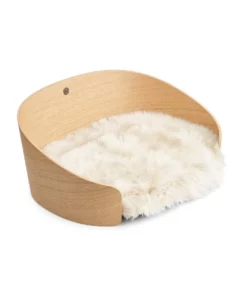 Das robuste Lammfell und die edlen Holzarten sorgen nicht nur für einen stilvollen Look, sondern auch für langlebige Qualität. Ihr Haustier wird diesen gemütlichen Rückzugsort lieben, der perfekt in Ihr Zuhause passt und Eleganz mit Gemütlichkeit verbindet.
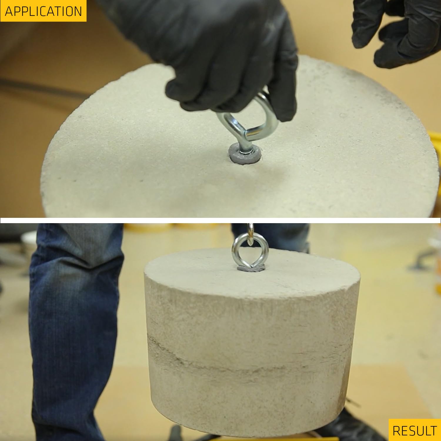 - CLEAN APPLICATION AREA TO ENSURE — After drilling hole into concrete, natural stone, masonry, or other anchorage, use blow pump and bristle brush to clean dust and debris before applying epoxy
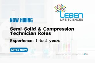Leben Life Sciences is Hiring | Semi-Solid & Compression Technician Roles
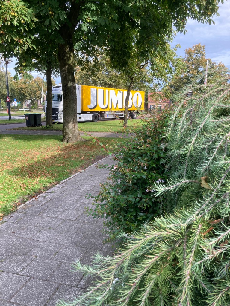 En hiermee de supermarkt bevoorraden.en ze stopte beiden .te gelijk ,bij mij voor de deur .
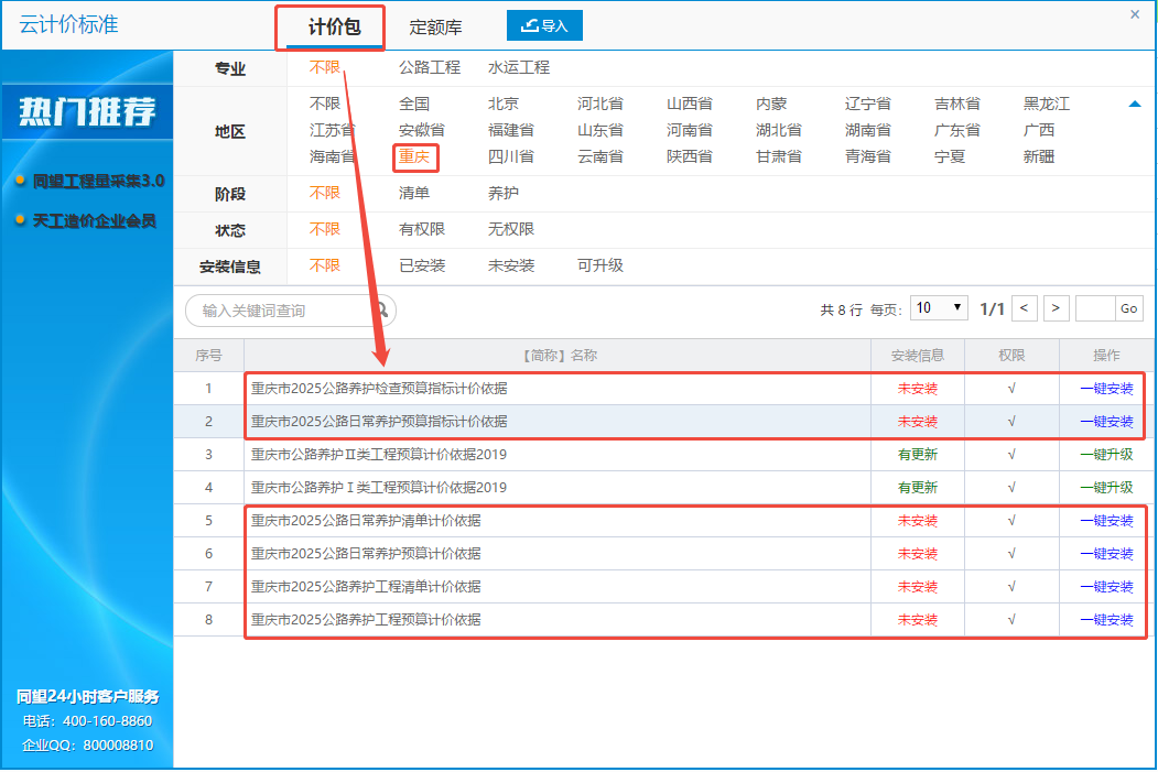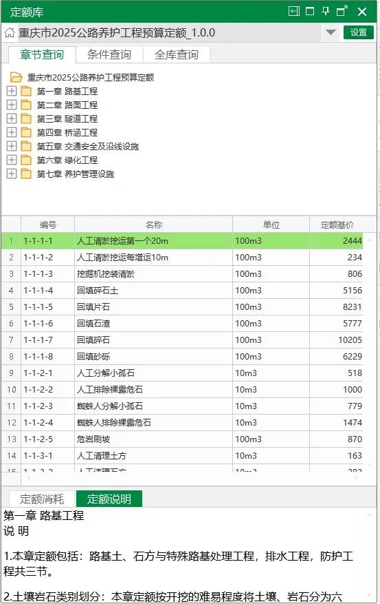 注:《重庆市公路养护预算定额》云服务安装免费使用。
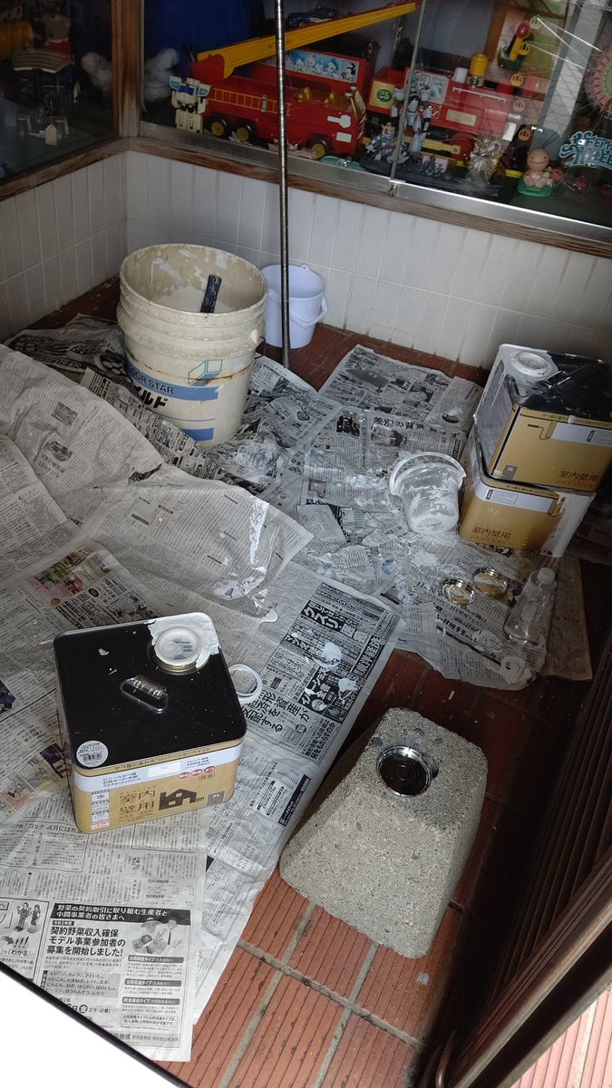 シャッターのすき間から覗くと中はこんな感じで・・・前を通った親子連れが「今は塗装屋さんしかいないからおもちゃ買えないよ」って言... [おもちゃの平野【Twitter】] | おもちゃの平野

* PROBLEM DETAILS
Your task is to repeat only the lines from the line containing "注:《重庆市公路养护预算定额》云服务安装免费使用。" through the final line of the material, inclusive; do not include pictures.

* RESULT FOR THIS TASK
 注:《重庆市公路养护预算定额》云服务安装免费使用。
 シャッターのすき間から覗くと中はこんな感じで・・・前を通った親子連れが「今は塗装屋さんしかいないからおもちゃ買えないよ」って言... [おもちゃの平野【Twitter】] | おもちゃの平野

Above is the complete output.